The data START

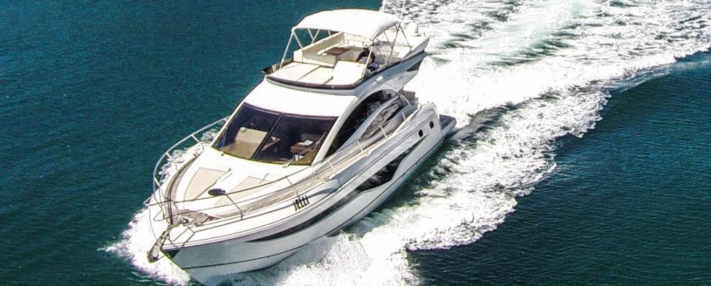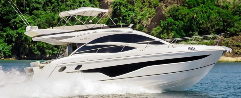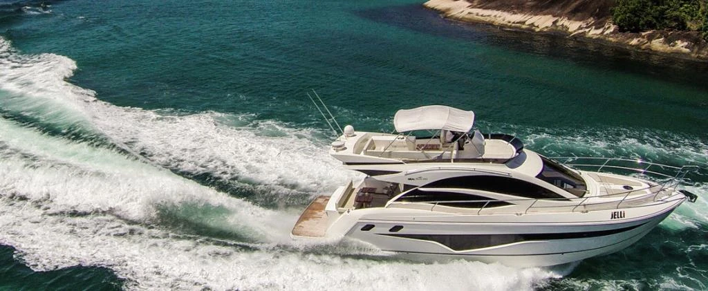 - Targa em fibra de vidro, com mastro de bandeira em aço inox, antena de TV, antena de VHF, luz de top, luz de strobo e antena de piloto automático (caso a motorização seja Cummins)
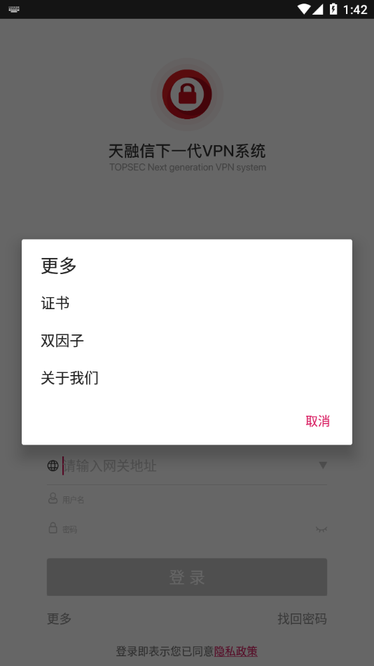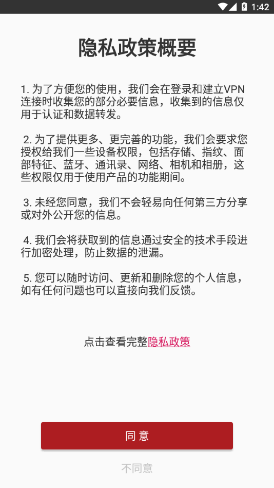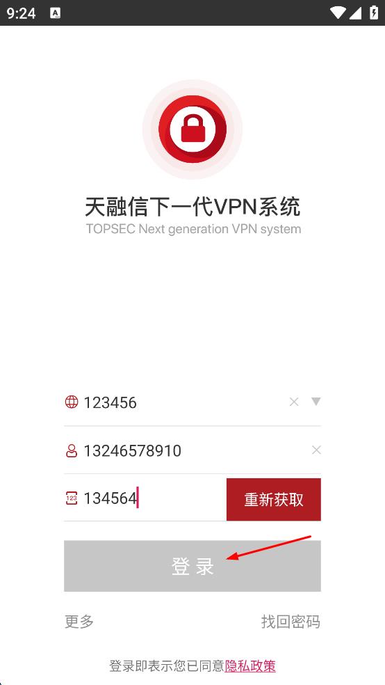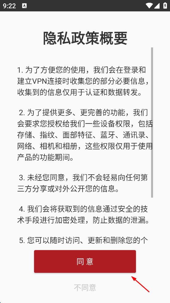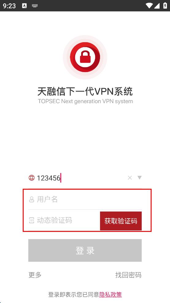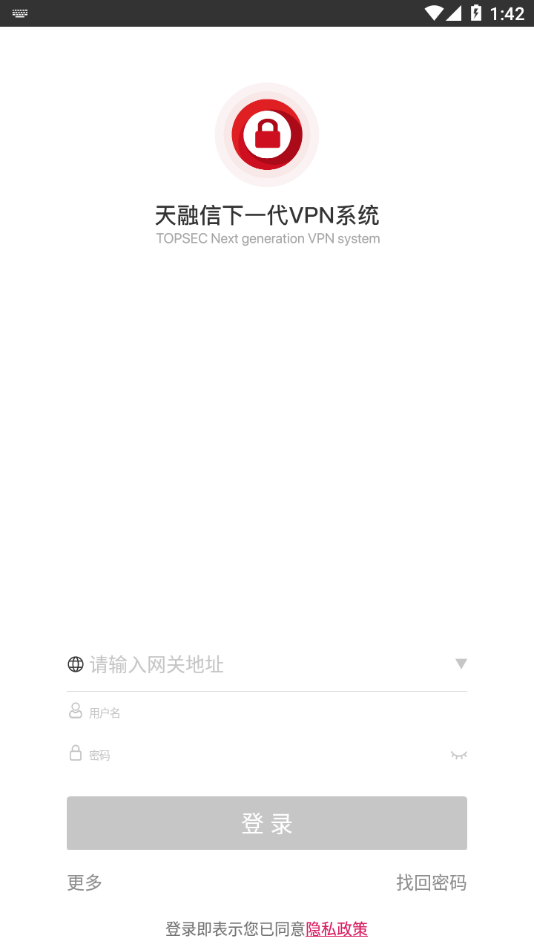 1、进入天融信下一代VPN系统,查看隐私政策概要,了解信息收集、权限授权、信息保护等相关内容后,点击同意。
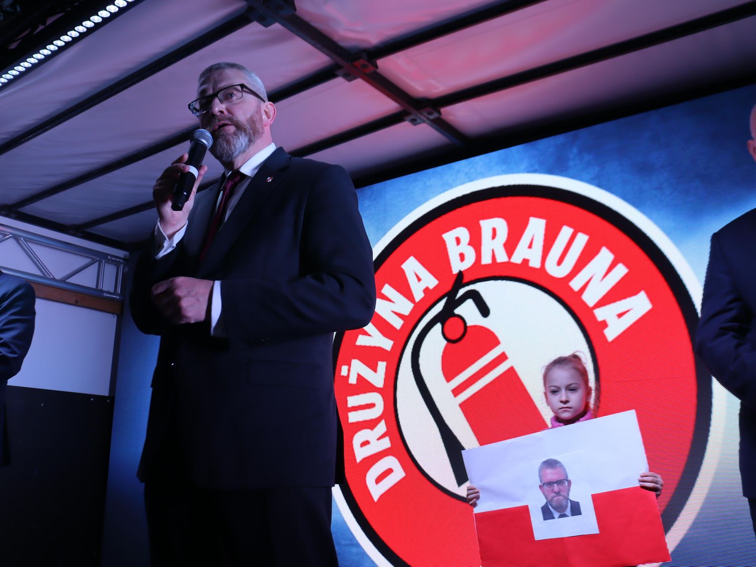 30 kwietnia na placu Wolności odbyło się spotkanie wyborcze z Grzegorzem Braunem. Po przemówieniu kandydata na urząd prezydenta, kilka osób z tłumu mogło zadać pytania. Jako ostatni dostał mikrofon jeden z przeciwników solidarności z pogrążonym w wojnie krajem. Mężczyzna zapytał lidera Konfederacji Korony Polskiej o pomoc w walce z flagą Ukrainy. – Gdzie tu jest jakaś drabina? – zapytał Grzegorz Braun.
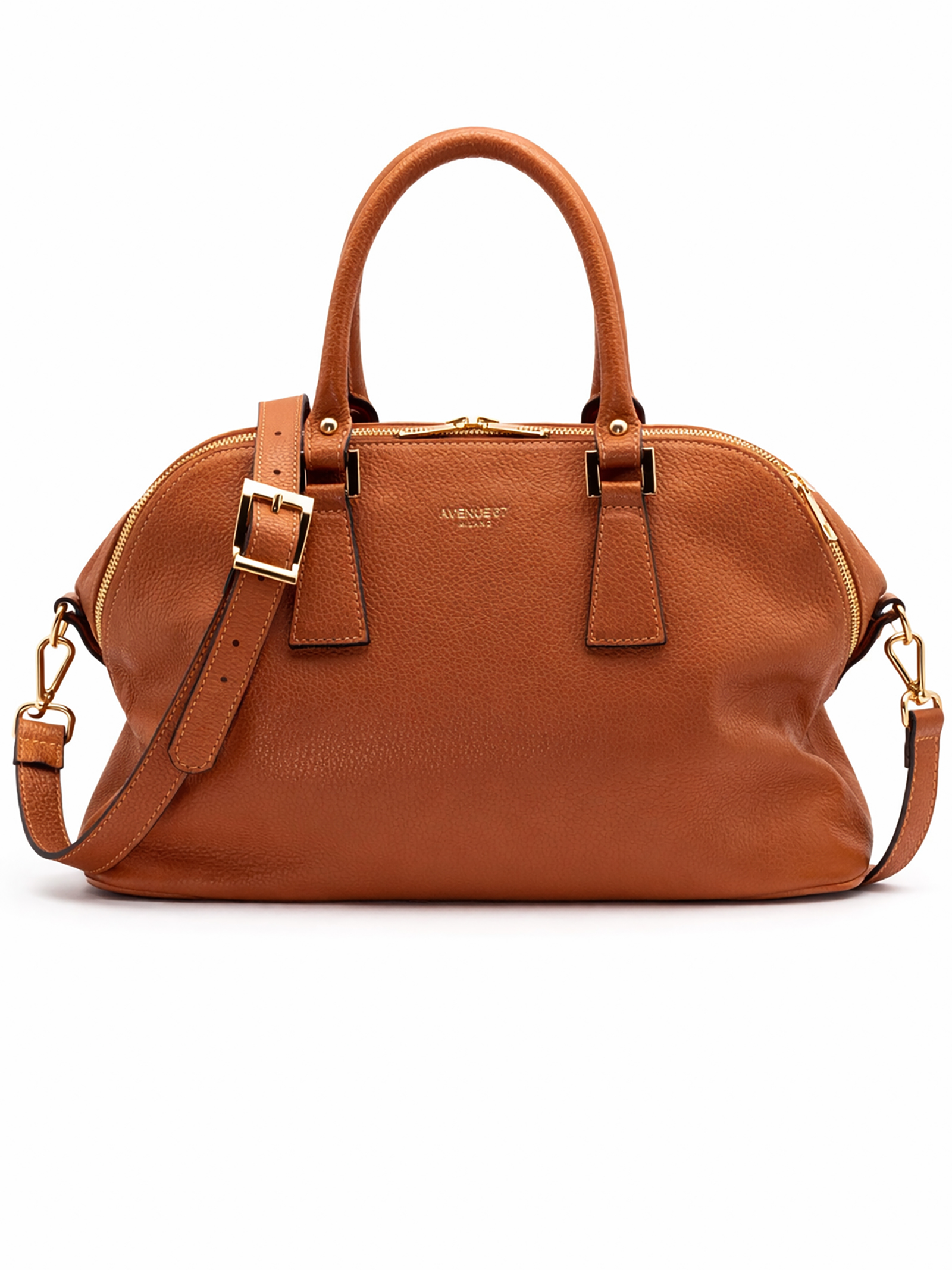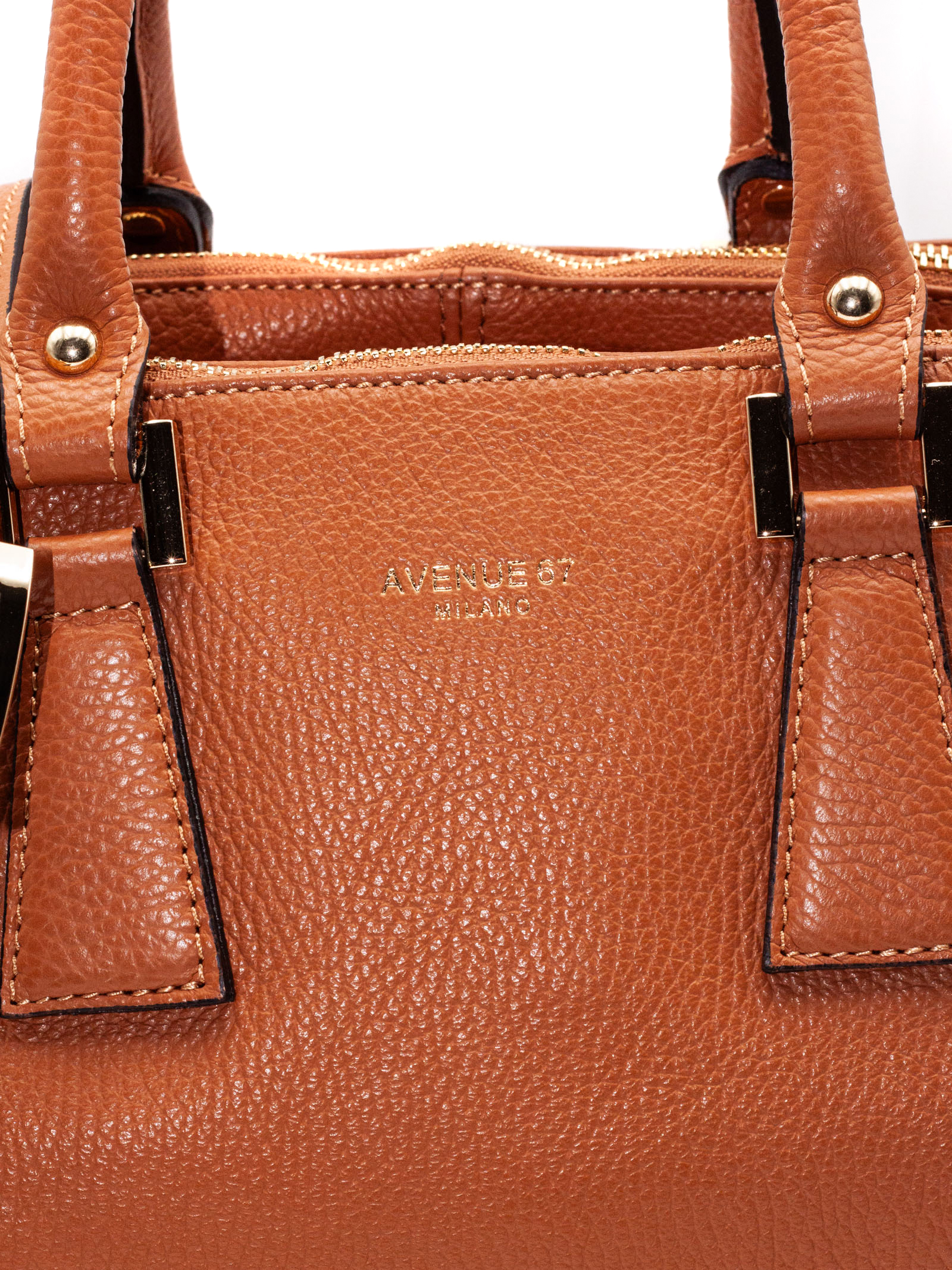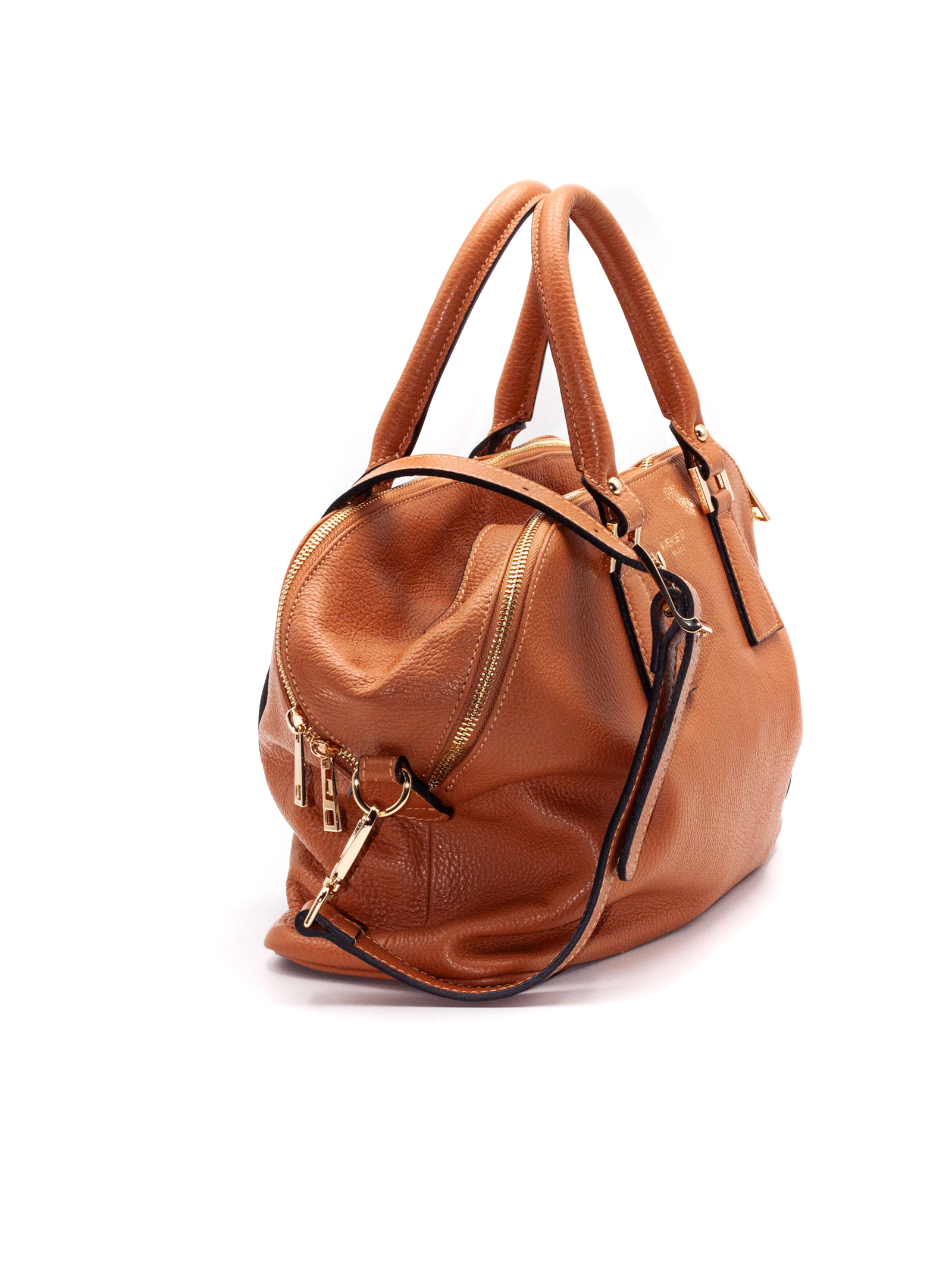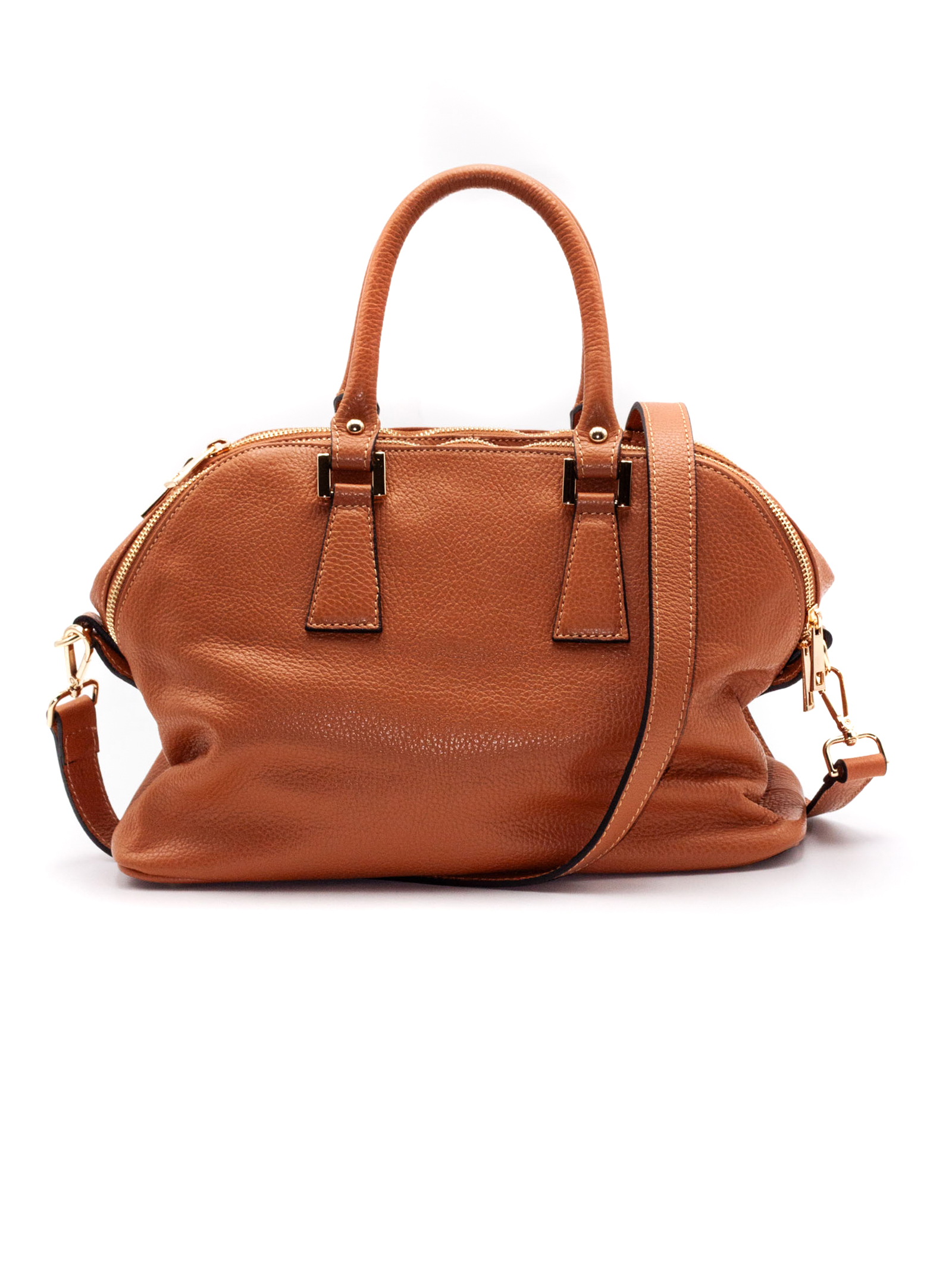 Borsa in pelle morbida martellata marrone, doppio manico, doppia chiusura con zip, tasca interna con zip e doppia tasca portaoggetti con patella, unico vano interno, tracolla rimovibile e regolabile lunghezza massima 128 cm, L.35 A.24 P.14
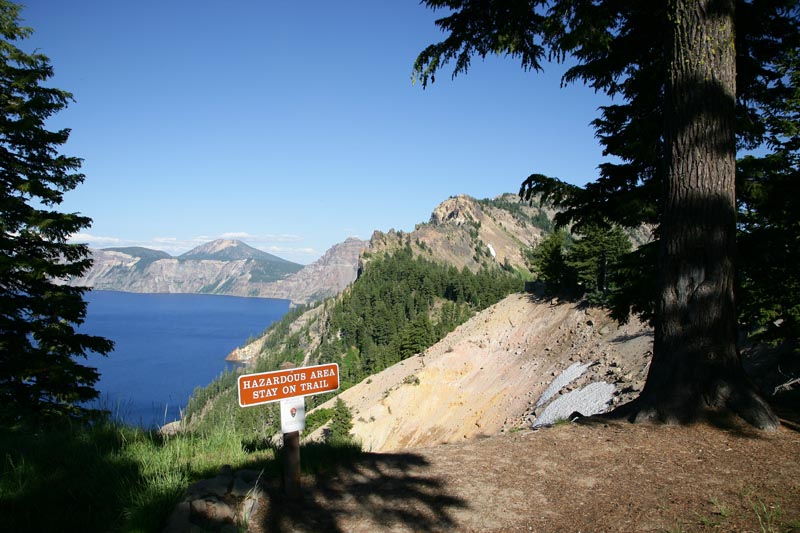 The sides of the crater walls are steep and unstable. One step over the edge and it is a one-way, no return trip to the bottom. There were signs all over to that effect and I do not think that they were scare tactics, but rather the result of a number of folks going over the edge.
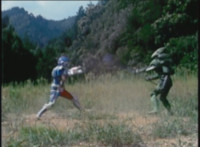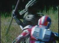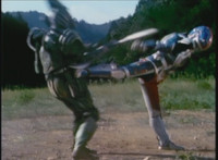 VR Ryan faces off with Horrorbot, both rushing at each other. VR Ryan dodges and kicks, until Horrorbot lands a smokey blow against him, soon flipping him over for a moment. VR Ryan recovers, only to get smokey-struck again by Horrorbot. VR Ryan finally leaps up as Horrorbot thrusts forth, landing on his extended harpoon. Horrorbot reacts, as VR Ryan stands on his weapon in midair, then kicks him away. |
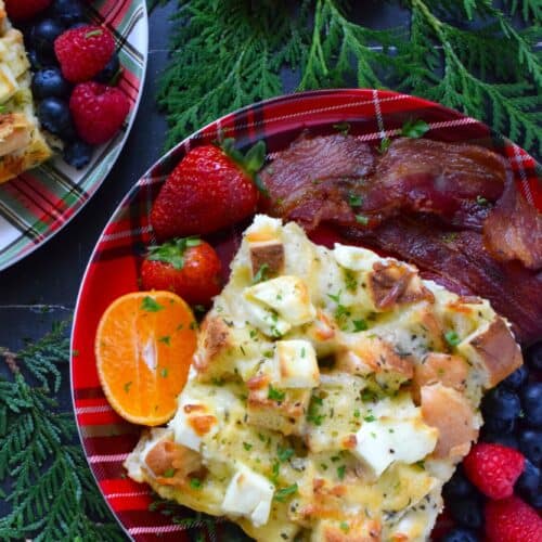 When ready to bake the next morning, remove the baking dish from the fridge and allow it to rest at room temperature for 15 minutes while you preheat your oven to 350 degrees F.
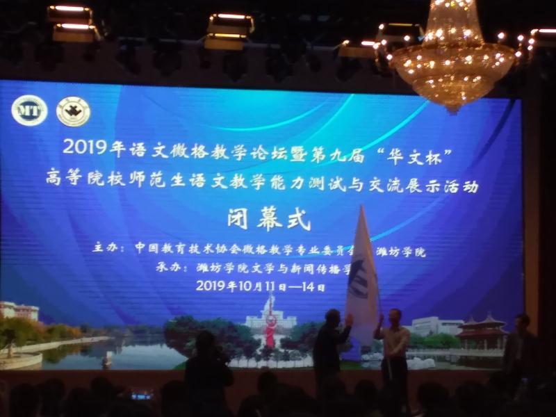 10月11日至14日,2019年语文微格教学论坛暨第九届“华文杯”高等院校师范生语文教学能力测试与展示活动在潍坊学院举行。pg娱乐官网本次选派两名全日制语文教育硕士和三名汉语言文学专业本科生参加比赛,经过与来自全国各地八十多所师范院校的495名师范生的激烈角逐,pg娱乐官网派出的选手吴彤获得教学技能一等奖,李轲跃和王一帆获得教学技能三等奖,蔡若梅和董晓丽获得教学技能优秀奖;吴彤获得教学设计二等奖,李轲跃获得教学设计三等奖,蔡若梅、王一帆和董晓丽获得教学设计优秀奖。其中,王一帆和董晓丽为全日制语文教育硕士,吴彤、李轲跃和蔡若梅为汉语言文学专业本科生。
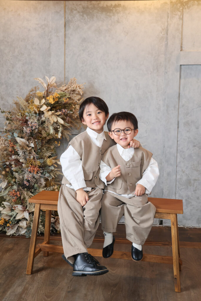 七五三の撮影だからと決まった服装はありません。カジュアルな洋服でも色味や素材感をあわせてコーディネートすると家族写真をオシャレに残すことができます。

The data END

◆ **What this task involves**
Print all entries exactly. The images do not belong in the copy.

◆ **Response**
 - Targa em fibra de vidro, com mastro de bandeira em aço inox, antena de TV, antena de VHF, luz de top, luz de strobo e antena de piloto automático (caso a motorização seja Cummins)
 1、进入天融信下一代VPN系统,查看隐私政策概要,了解信息收集、权限授权、信息保护等相关内容后,点击同意。
 30 kwietnia na placu Wolności odbyło się spotkanie wyborcze z Grzegorzem Braunem. Po przemówieniu kandydata na urząd prezydenta, kilka osób z tłumu mogło zadać pytania. Jako ostatni dostał mikrofon jeden z przeciwników solidarności z pogrążonym w wojnie krajem. Mężczyzna zapytał lidera Konfederacji Korony Polskiej o pomoc w walce z flagą Ukrainy. – Gdzie tu jest jakaś drabina? – zapytał Grzegorz Braun.
 Borsa in pelle morbida martellata marrone, doppio manico, doppia chiusura con zip, tasca interna con zip e doppia tasca portaoggetti con patella, unico vano interno, tracolla rimovibile e regolabile lunghezza massima 128 cm, L.35 A.24 P.14
 The sides of the crater walls are steep and unstable. One step over the edge and it is a one-way, no return trip to the bottom. There were signs all over to that effect and I do not think that they were scare tactics, but rather the result of a number of folks going over the edge.
 VR Ryan faces off with Horrorbot, both rushing at each other. VR Ryan dodges and kicks, until Horrorbot lands a smokey blow against him, soon flipping him over for a moment. VR Ryan recovers, only to get smokey-struck again by Horrorbot. VR Ryan finally leaps up as Horrorbot thrusts forth, landing on his extended harpoon. Horrorbot reacts, as VR Ryan stands on his weapon in midair, then kicks him away. |
 When ready to bake the next morning, remove the baking dish from the fridge and allow it to rest at room temperature for 15 minutes while you preheat your oven to 350 degrees F.
 10月11日至14日,2019年语文微格教学论坛暨第九届“华文杯”高等院校师范生语文教学能力测试与展示活动在潍坊学院举行。pg娱乐官网本次选派两名全日制语文教育硕士和三名汉语言文学专业本科生参加比赛,经过与来自全国各地八十多所师范院校的495名师范生的激烈角逐,pg娱乐官网派出的选手吴彤获得教学技能一等奖,李轲跃和王一帆获得教学技能三等奖,蔡若梅和董晓丽获得教学技能优秀奖;吴彤获得教学设计二等奖,李轲跃获得教学设计三等奖,蔡若梅、王一帆和董晓丽获得教学设计优秀奖。其中,王一帆和董晓丽为全日制语文教育硕士,吴彤、李轲跃和蔡若梅为汉语言文学专业本科生。
 七五三の撮影だからと決まった服装はありません。カジュアルな洋服でも色味や素材感をあわせてコーディネートすると家族写真をオシャレに残すことができます。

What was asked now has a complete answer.